▶ [Input data]
○ ○ ○ ○

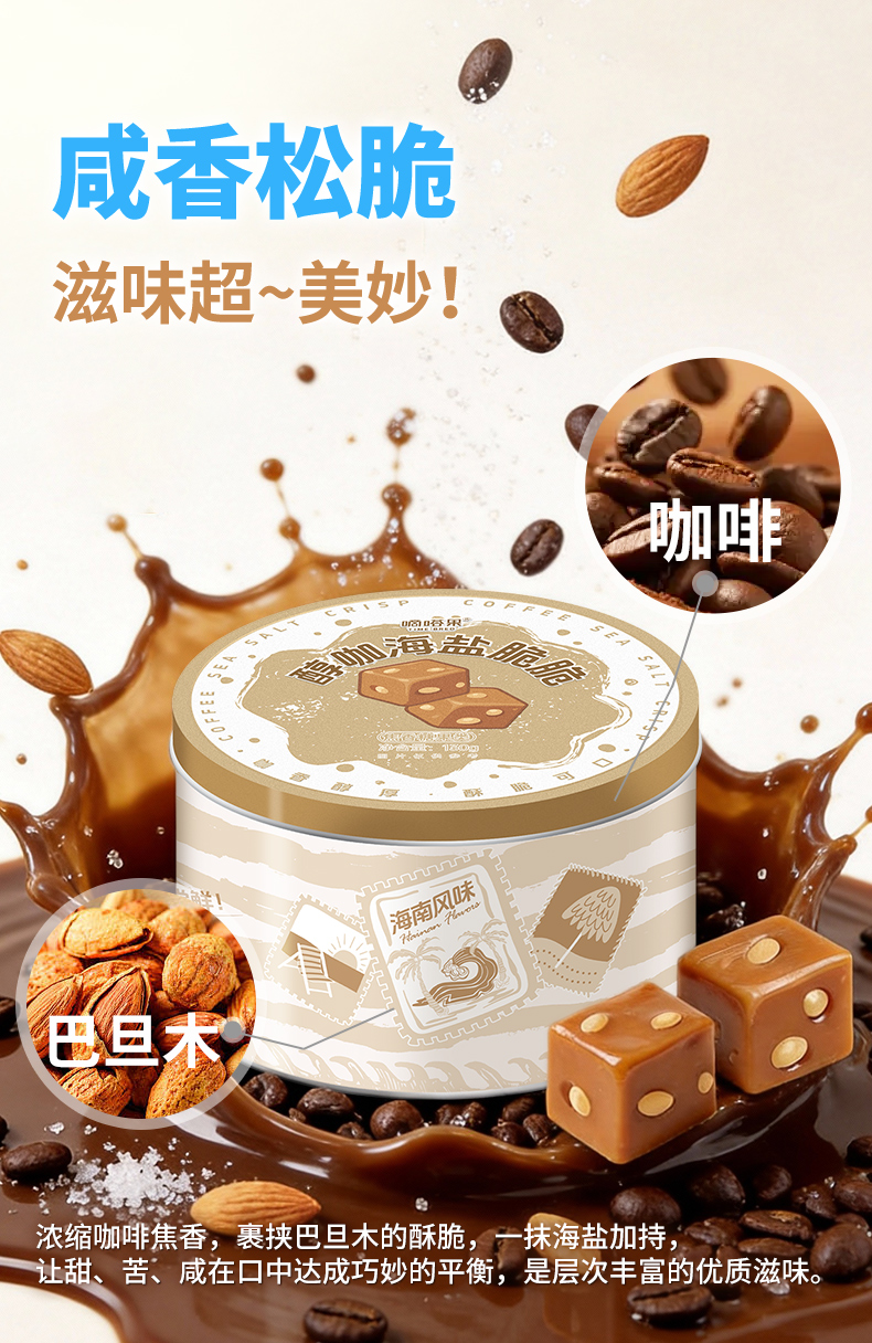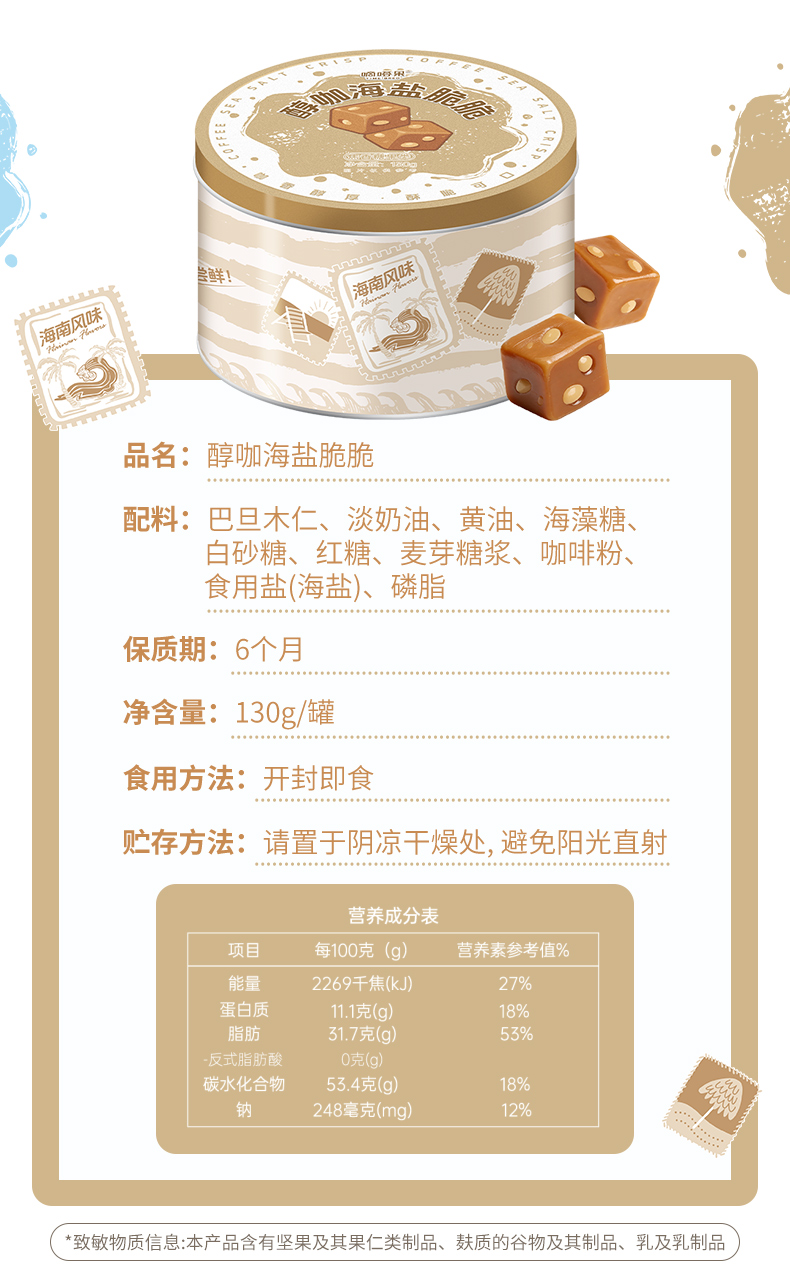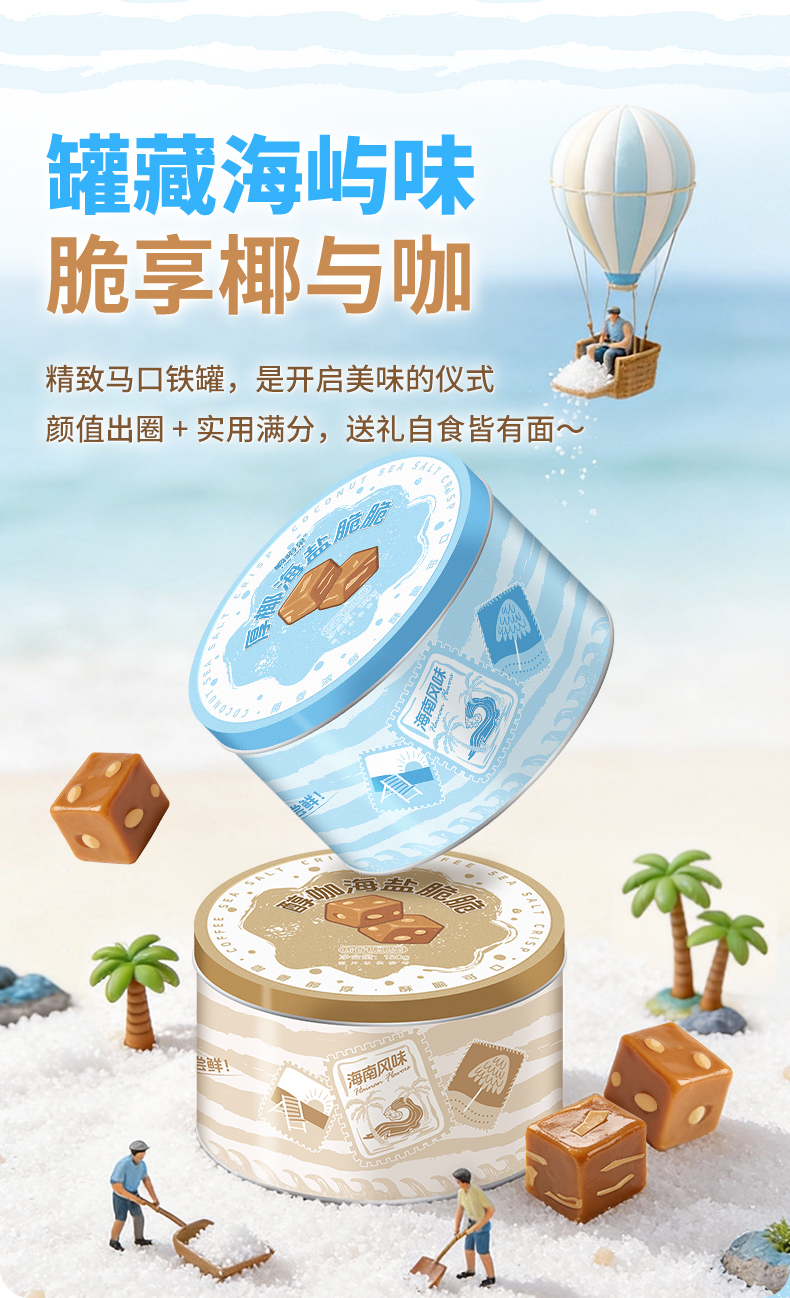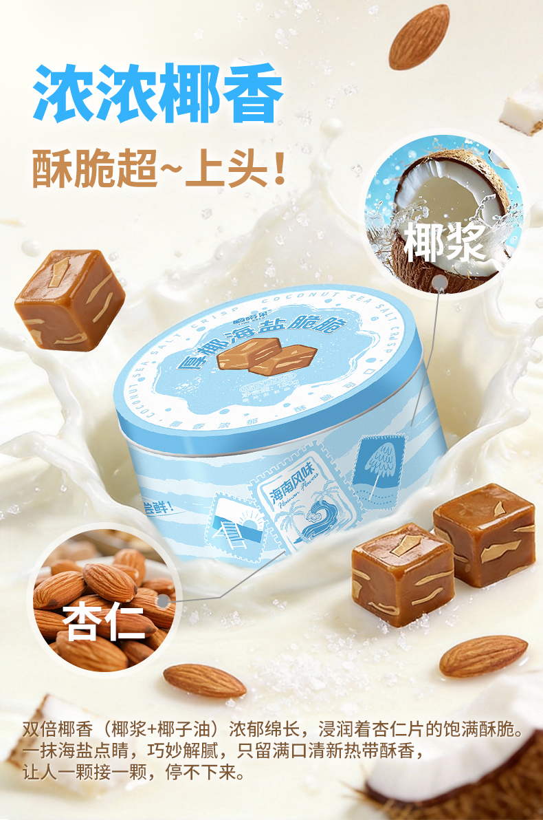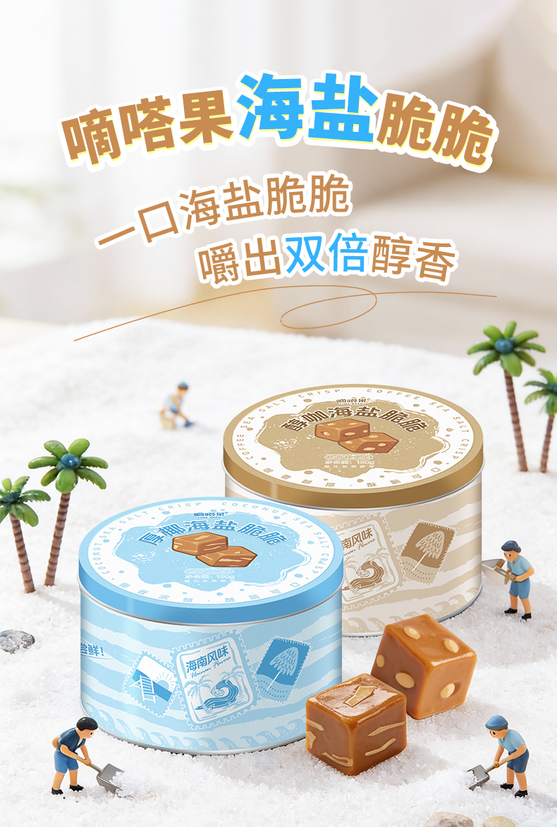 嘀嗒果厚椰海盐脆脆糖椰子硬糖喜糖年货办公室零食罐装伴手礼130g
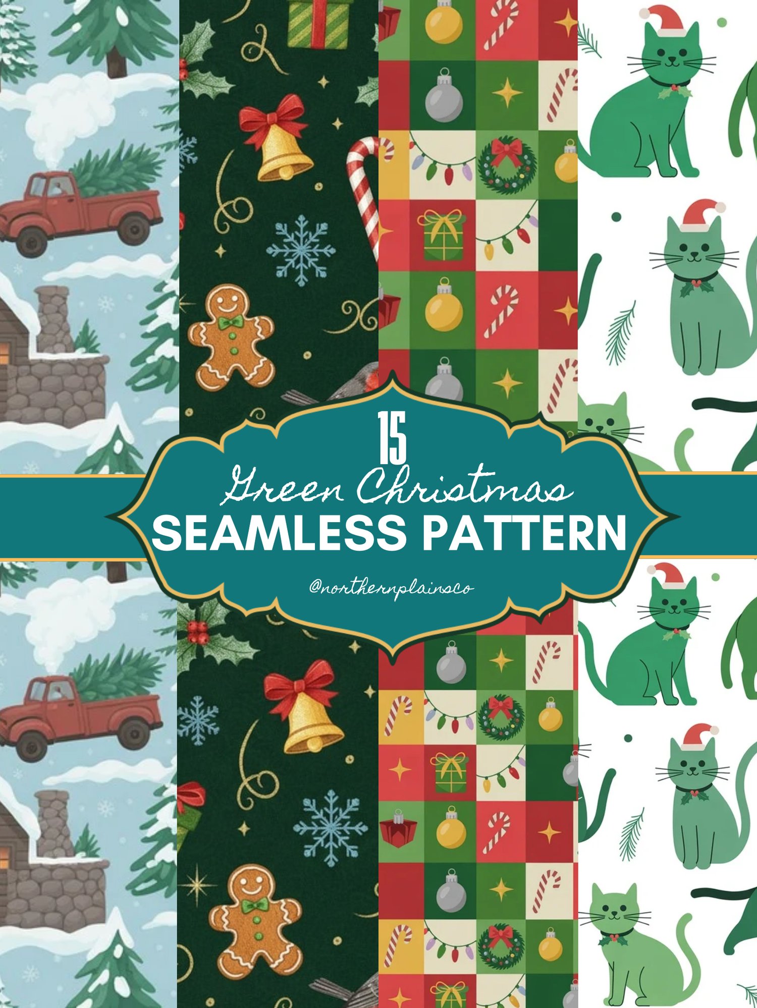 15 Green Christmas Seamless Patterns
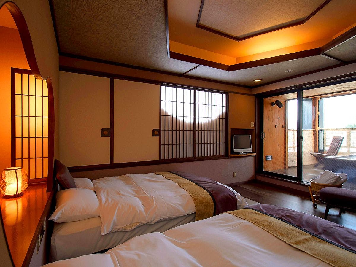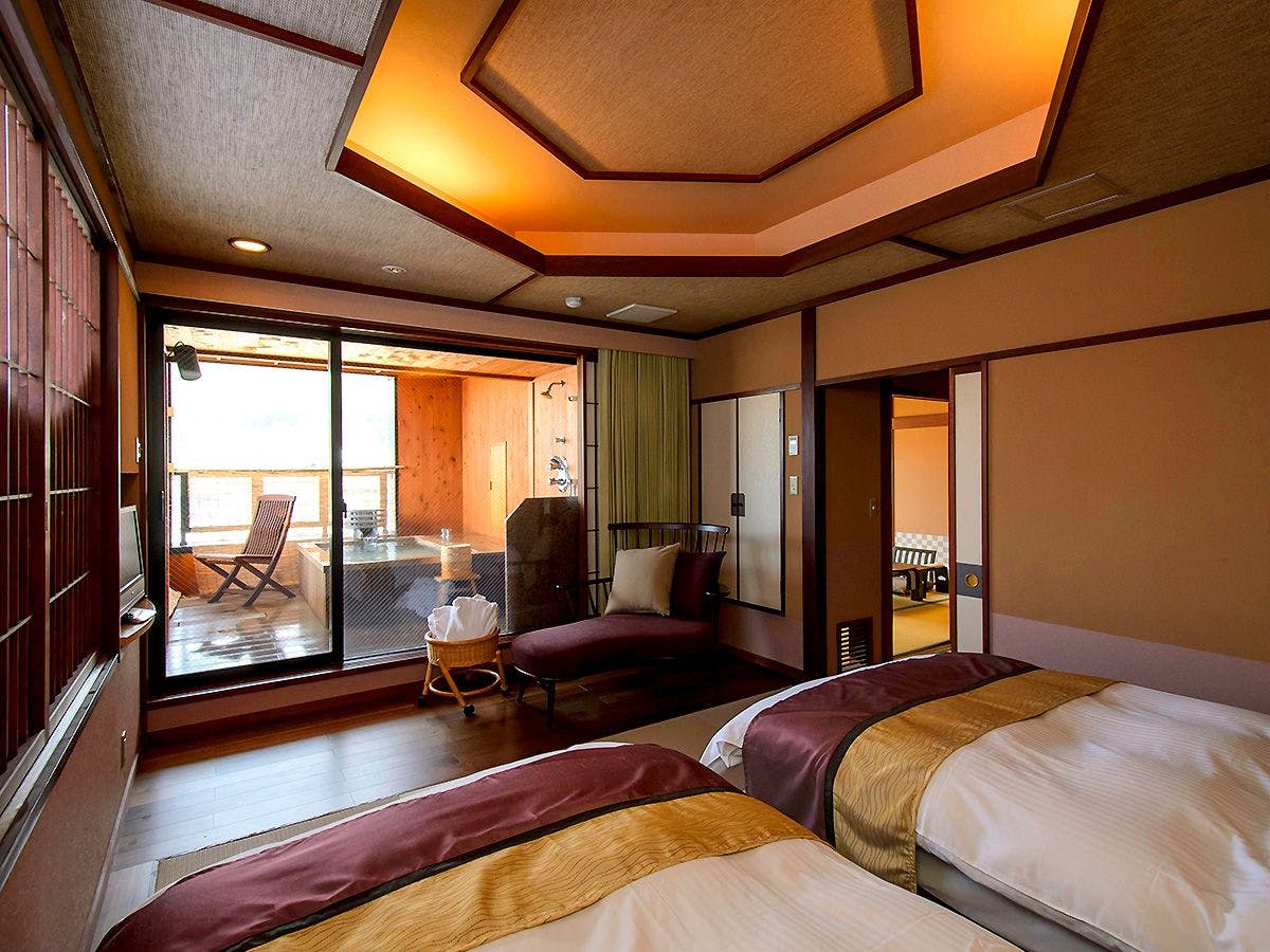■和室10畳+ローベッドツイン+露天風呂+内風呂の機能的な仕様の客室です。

○ ○ ○ ○

▶ [Brief] The reply has to reproduce every line above verbatim and contain no pictures.

▶ [Answer space]
 嘀嗒果厚椰海盐脆脆糖椰子硬糖喜糖年货办公室零食罐装伴手礼130g
 15 Green Christmas Seamless Patterns
■和室10畳+ローベッドツイン+露天風呂+内風呂の機能的な仕様の客室です。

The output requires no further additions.